Development of Peer-Group-Classification Criteria for the Comparison of Cost Efficiency among General Hospitals under the Korean NHI Program

Hee-Chung Kang 1, Jae-Seok Hong 2, Heon-Jin Park 3
PMCID: PMC3401407  PMID: 22356558

Abstract

Objectives

To classify general hospitals into homogeneous systematic-risk groups in order to compare cost efficiency and propose peer-group-classification criteria.

Data Sources

Health care institution registration data and inpatient-episode-based claims data submitted by the Korea National Health Insurance system to the Health Insurance Review and Assessment Service from July 2007 to December 2009.

Study Design

Cluster analysis was performed to classify general hospitals into peer groups based on similarities in hospital characteristics, case mix complexity, and service-distribution characteristics. Classification criteria reflecting clustering were developed. To test whether the new peer groups better adjusted for differences in systematic risks among peer groups, we compared the R2 statistics of the current and proposed peer groups according to total variations in medical costs per episode and case mix indices influencing the cost efficiency.

Data Collection

A total of 1,236,471 inpatient episodes were constructed for 222 general hospitals in 2008.

Principal Findings

New criteria were developed to classify general hospitals into three peer groups (large general hospitals, small and medium general hospitals treating severe cases, and small and medium general hospitals) according to size and case mix index.

Conclusions

This study provides information about using peer grouping to enhance fairness in the performance assessment of health care providers.
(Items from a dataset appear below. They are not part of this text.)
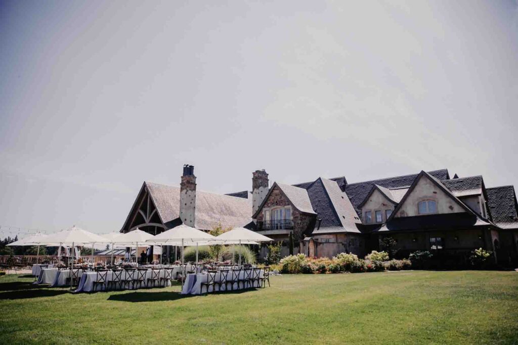 Set against a backdrop of old-world European elegance, it offers a rare blend of refined luxury and editorial style. Every surface, line, and layer of light feels intentional: stone textures that photograph beautifully on film, soft neutral palettes that let fashion shine, and architecture that frames rather than competes with the couple. Ideal for weddings of 200 or more this Oregon City wedding venue is soon to launch an arboretum to extend their wedding offerings into the colder months.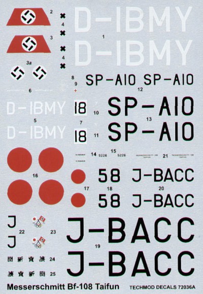 Techmod - 1/72 Messerschmitt Bf-108B Taifun Part 2. (4) D-IBMY International Circuit of the Oasis race Egypt 1937, SP-AIO Central Staff of the Aviation League Poland 1947-48, Black 58 Army Aviation Experimental Center Japan, J-BACC Manchuka Airlines 1936-37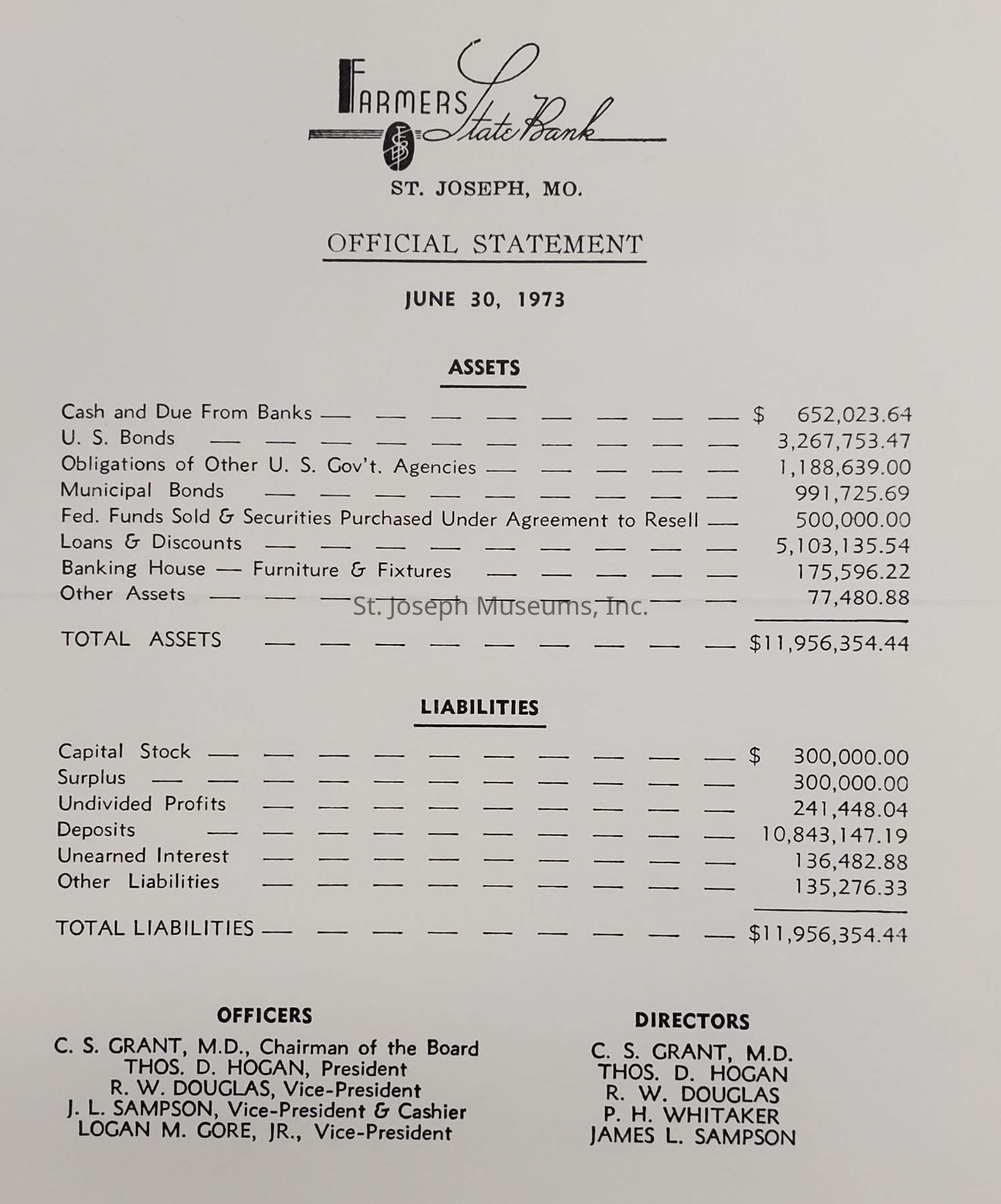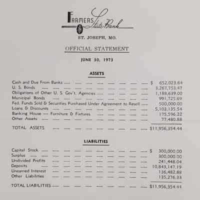 An Official Statement for June 30, 1973 listed are some assets and liabilities for Farmers State Bank.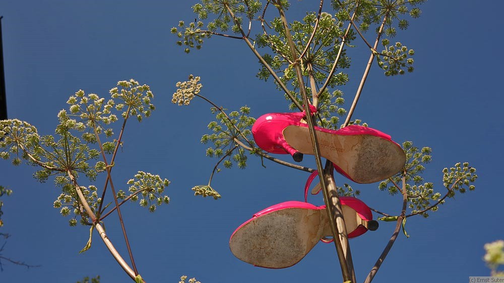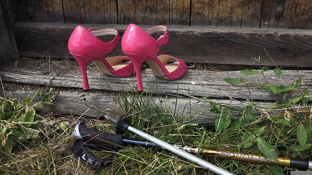 mit ihren dünnen absätzen und funkelnden riemen machten sich rosy und roty mit mir auf den weg. gemeinsam kletterten wir auf hohe berg gipfel, wo sie den wind um ihre schnallen flattern ließen. “wir sind die höchsten high heels der schweiz!” rief rosy stolz.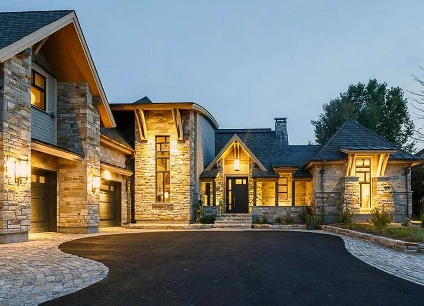 Если вы живете в более прохладном климате, дизайн проекта фасада дома стоит оформить в темных цветах, что поможет сохранить тепло в доме.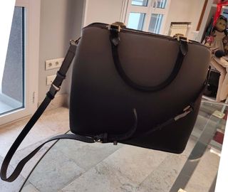 Bolso negro de PARFOIS NUEVO. 34cm × 15cm x 25cm (sin contar el asa) Precio original 47,95. Para todas las ocasiones, para ir ELEGANTE O INFORMAL a la calle con posibilidad de llevar el PORTÁTIL contigo (13") Con pequeño MONEDERO EXTRA que va por fuera y se puede quitar y poner. Ofrece 3 ESPACIOS para organizar mejor tus cosas (uno de ellos con cremallera). Material imitación a piel. Trae una CORREA LARGA (está sin abrir) que se puede poner y quitar para llevarlo de bandolera o al hombro. SIN ESTRENAR Tiene 4 "patitas" metálicas para protegerlo del suelo.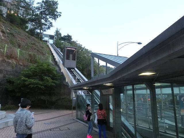 上南山一般是步行或者搭乘南山缆车。我原先想,如果白天去的话,学学很多其他游客,上山缆车,再步行下山,这样可以更好地欣赏南山的景色,不过晚上去的话,黑灯瞎火地在山上转悠,一没意思,二也不安全,就采用双程缆车的方案。南山缆车站并不在山脚,而是在山腰。09年以前,要搭乘缆车,不管你愿意不愿意,得先走一大段山路才能到,现在好了,多了个南山透明电梯,可以将游客免费且快速地送到缆车站入口。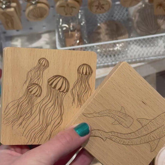 Bring effortless coastal charm to your home. These square beach wood coasters are engraved with our original ocean-inspired designs and crafted to fit most cup, mug, and glass sizes with ease. Each piece is finished with our Coastal Embers logo engraved on the underside.

Keywords: Cost efficiency, peer group, cluster analysis


Policy makers in many health insurance systems experiencing rapidly escalating health care expenditures have focused on developing tools to hold physicians accountable for their decisions (Bindman 1999; Austin et al. 2004).
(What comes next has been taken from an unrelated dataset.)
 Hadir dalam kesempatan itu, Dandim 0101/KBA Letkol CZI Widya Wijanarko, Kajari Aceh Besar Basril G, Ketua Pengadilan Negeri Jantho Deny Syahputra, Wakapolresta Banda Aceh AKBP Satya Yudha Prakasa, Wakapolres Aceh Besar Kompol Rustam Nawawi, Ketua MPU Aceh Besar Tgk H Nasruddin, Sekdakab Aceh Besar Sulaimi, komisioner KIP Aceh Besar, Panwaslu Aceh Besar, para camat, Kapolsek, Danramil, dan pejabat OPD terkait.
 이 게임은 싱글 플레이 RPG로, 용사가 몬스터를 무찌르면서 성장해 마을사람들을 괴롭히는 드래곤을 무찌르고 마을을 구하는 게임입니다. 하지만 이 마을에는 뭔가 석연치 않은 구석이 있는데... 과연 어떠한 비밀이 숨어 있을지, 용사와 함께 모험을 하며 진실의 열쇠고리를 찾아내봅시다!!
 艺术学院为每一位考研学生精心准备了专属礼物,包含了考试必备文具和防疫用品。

Several strategies have been developed, including utilization review and practice guidelines, to induce physicians to choose more rational, less expensive behavior (Bindman 1999). Many insurance programs have employed utilization review to foster more appropriate payment, but case-by-case utilization review is time consuming, and a more efficient methodology is required to complete the review of a large number of claims within the legally mandated time frame. In this context, profiling is considered to constitute a more efficient mechanism for observing a physician's pattern of care (Bindman 1999; Romano 2004). Performance profiling involves comparing an individual physician's performance during a fixed period with normative standards or with the average performance level of comparable physicians during the same period (Bindman 1999; Smith 2000; Weiss and Wagner 2000; Austin et al. 2004). However, such a performance comparison between hospitals invites dispute due to the difficulties of defining comparable hospitals, particularly comparable general hospitals, which are multipurpose, multiproduct institutions providing ambulatory care in addition to inpatient services (Stefos, Lavallee, and Holden 1992; Sandy 1999; Pink et al. 2009). Contextual as well as patient characteristics must be considered when classifying peer groups of general hospitals to enable adjustment for the many systematic risks that are not easily manageable by hospitals themselves (Austin et al. 2004; Byrne et al. 2009).
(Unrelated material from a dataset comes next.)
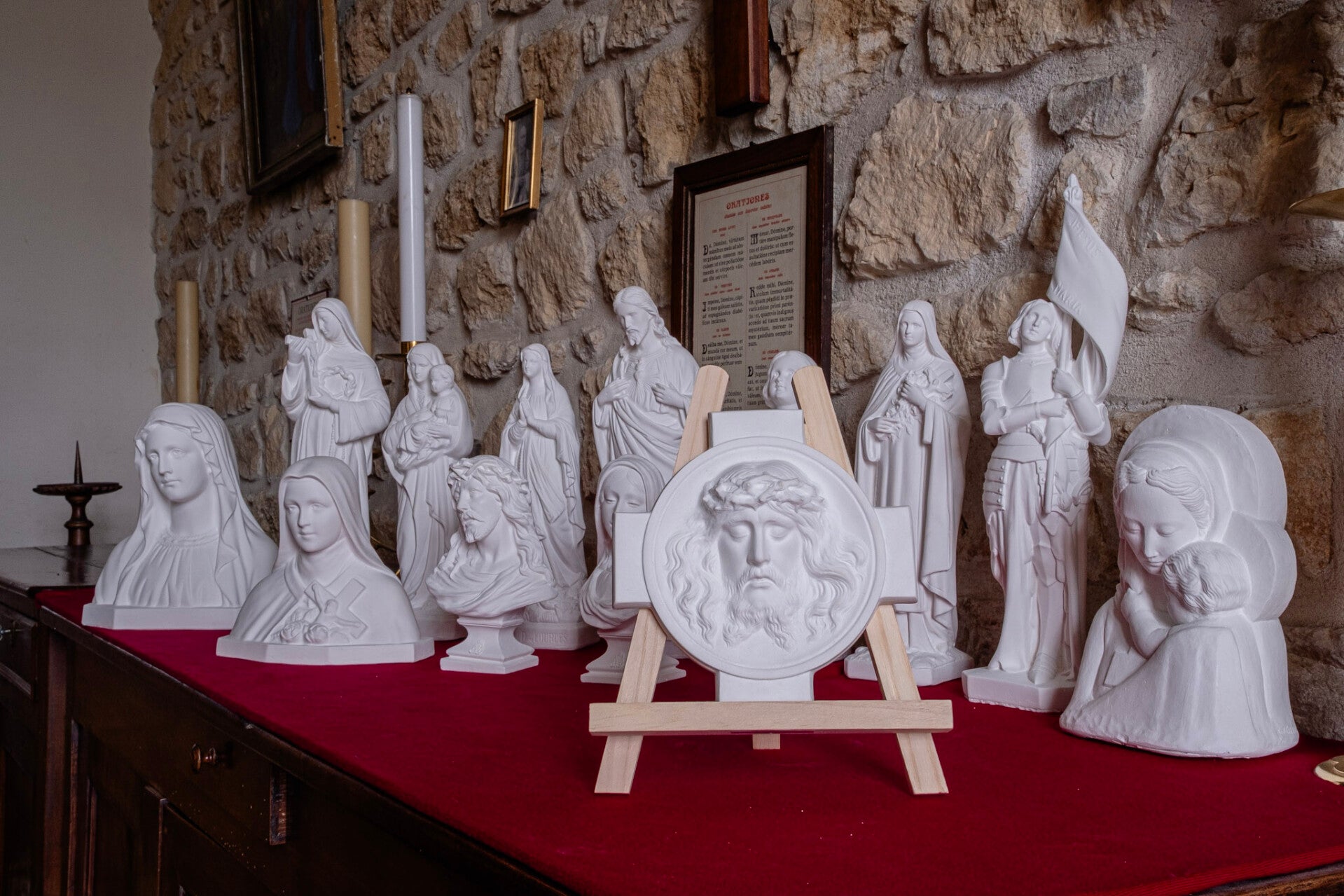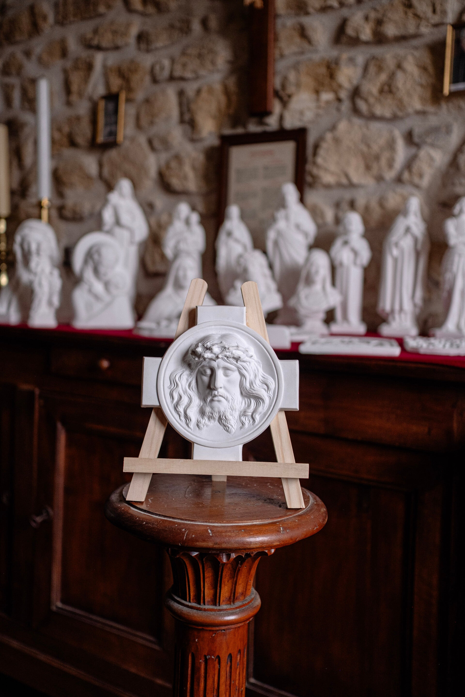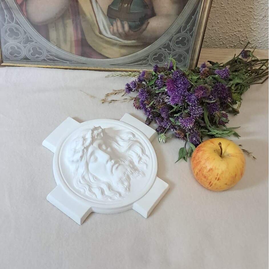 Ce bas-relief du Christ à la couronne d’épines capture la passion et le sacrifice du Sauveur. La finesse du relief permet à la lumière de faire varier les ombres et les expressions, créant un effet visuel émouvant et inspirant.

The objective of this study was to classify general hospitals into peer groups so that differences in systematic risks can be adjusted and to propose peer-group-classification criteria for assigning newly established general hospitals or those with changing characteristics to appropriate peer groups.

Methods

Study Setting

The Ministry of Health and Welfare (MOHW) of Korea oversees the National Health Insurance (NHI) Program. In terms of implementation, the National Health Insurance Corporation (NHIC) functions as the insurer, and the Health Insurance Review and Assessment Service (HIRA) conducts reviews and assessments of medical costs. The HIRA review process is designed to minimize the risk of payment for excessive or unnecessary patient care in a fee-for-service-based reimbursement system (HIRA 2010).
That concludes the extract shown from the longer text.